1. Let's say the current high bid on an item is $100 for Bidder A.
2. Bidder A has a max of $150 on the item
3. Bidder B comes in and puts a max bid of $10,000
4. Item is now showing a high bid of $160 for Bidder B
5. Bidder B lowers his max bid to $170 ???

Seems like this could be used as a method to expose Bidder A's max bid. Not sure I like that....
The far more serious issue with what you've outlined on eBay is bid retractions. Bidder B in your scenario could, on eBay, retract the bid entirely and re-bid $149, leaving Bidder A at $150, his max bid. That's the real issue and the one that gets used and abused all the time. Lowering a max bid is allowed on eBay--they just call it a bid retraction.

In an auction like REA or Heritage, there's no bid retractions. If Bidder B outbids Bidder A, his bid sticks. Whether or not his max bid was $160 or $10,000, he has entered into a binding contract should be win the item at that level. There's no obligation on Bidder A to come back and bid over Bidder B.

The reason that changing max bids downward is allowed is because any number of things can happen during the course of an auction where maybe the original max bid is no longer feasible or wanted.
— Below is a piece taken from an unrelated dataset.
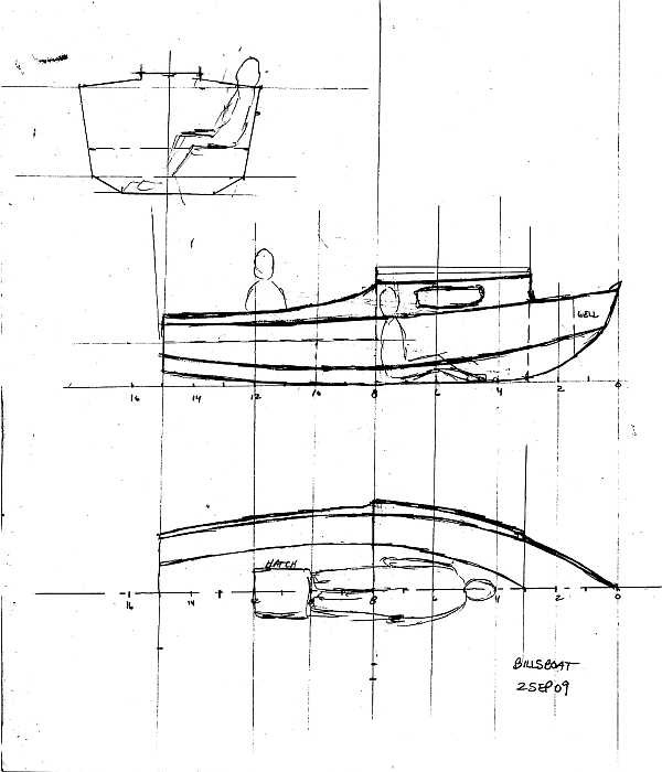 ... in the past because I found them for all practical purposes "impossible". I'd tried it several times but here was the basic problem. You start with a 15' long hull and put two or three adults on it, sitting on a watertight deck two feet above the bottom. Let's say you figure 600 pounds for the crew and another 600 pounds for the basic boat and the usual sailrig. When you try to balance the thing to selfright from a 90 degree knockdown you need another 500 or 600 pounds of ballast in the belly and your little boat is approaching a ton in loaded displacement. Now, a 15' hull will have to float quite deep to float that much weight. Micro got away with it with about 450 pounds of lead in a keel about a foot below the boat's bottom, plus a 6' beam with hard chines, a totally flat bottom. When I think back about Micro I feel Phil Bolger must have gone down the dead end road a few times like I did with trying to get the little cruiser to do the job without strange proportions or a down low keel. But in the end he made it work in about the only way it could and it is a fine boat.

If you place a $10,000 max bid on day 1 of REA on an item that is opening at $1000, and then you find out a week later, when the item is at $2500, that your transmission needs to be replaced or another card has popped up that you want or you lost your job, why shouldn't you be able to change the autobid downward? That, to me, is the more responsible option--you're on the hook for what you've bid and where the level is at (there's no retracting), but you're not forced into watching a max bid get hit and hit when you know you can't pay or no longer want to pay the original $10,000.